If anything, the ties have been growing deeper, with the American market moving back from light trucks to passenger cars. Opel is the lead in the development of the midsize models GM will need to nurture, in the years to come, such as the Chevrolet Malibu.
Still, the continuing economic problems facing General Motors, especially in Europe, could force the U.S. maker’s hand. And right now, Marchionne is playing an aggressive game as he seeks to expand Fiat’s role in the world market. Many analysts believe that the current crisis will lead to a shake-out of manufacturers, with perhaps as few as six major players ultimately dominating the global auto industry. The North American-educated executive knows he didn’t have much time to push Fiat firmly into the top tier of makers most likely to survive and thrive.
According to reports out of Europe, Fiat would keep the Opel brand for itself, and likely continue operating many of the automaker’s German operations, though after meeting with Fiat CEO Marchionne, German Economy Minister Karl-Theodor zu Guttenberg said, in an interview with the AP, that it appears there would be a “need for consolidation,” with the future of at least one of Opel’s German engine plants uncertain. It’s also unclear what would happen to the Vaxhaul brand, which is the right-hand-drive brand name that serves as Opel’s counterpart in Great Britain.
Significantly, it appears Marchionne is looking for a way to acquire Opel without running up a significant amount of new debt – a significant factor in GM’s current financial crisis. How that would be accomplished is unclear, but the Italian company is putting out next to nothing for its initial 20 percent stake in Chrysler.

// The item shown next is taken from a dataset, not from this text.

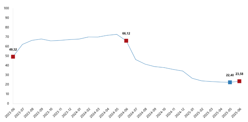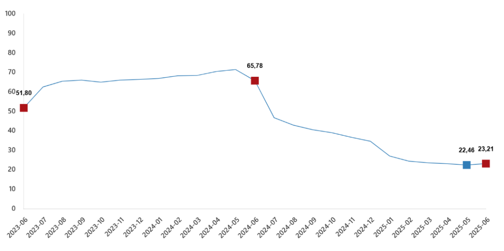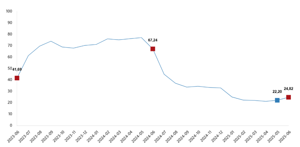 İnşaat maliyet endeksi yıllık değişim oranı(%), Haziran 2025

Even so, analysts are worried that Fiat could be eyeing more than it can handle. One debt ratings agency recently warned that the Italian marque could be a “fallen angel” for Chrysler because of its own tenuous bottom line.
Analyst Phillippi is among the wary. “I’m trying to make sense of it,” he said, referring to Fiat’s interest in Opel. There’s a long history of such mergers, alliances and acquisitions failing, in recent years, said Phillippi, pointing specifically to the so-called “merger of equals” between Daimler AG and Chrysler.

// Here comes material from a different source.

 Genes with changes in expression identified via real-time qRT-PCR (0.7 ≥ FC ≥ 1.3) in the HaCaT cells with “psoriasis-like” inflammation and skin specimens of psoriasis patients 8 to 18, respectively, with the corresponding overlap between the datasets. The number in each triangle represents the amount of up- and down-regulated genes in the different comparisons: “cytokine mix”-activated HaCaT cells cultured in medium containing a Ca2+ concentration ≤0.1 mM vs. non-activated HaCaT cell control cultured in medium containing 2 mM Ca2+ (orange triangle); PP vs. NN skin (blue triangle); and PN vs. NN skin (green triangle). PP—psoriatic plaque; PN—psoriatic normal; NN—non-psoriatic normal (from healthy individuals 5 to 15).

If GM didn’t relinquish its entire stake in Opel, a partnership with an erstwhile rival wouldn’t be entirely unheard of. The U.S. maker shares a major stake in the operation of Korea’s Daewoo with the Chinese automaker SAIC. And in China, SAIC is teamed up with Volkswagen, as well as GM.
But it can be difficult to form a relationship between two companies that have a history of bad blood, as is the case with GM and Fiat. A decade ago, the two formed a controversial alliance in which they were set to develop components and powertrains together, and among other things, provide a U.S. distribution network for Fiat’s Alfa Romeo brand.
The deal broke apart, several years later, and Fiat’s then-new CEO, Marchionne, forced the U.S. maker to live up to a break-up clause that required it to pay its Italian rival $2 billion. Ironically, that money was critical, at the time, to helping Fiat survive its own near-meltdown.
This time, Fiat might help GM survive – but at a very steep price.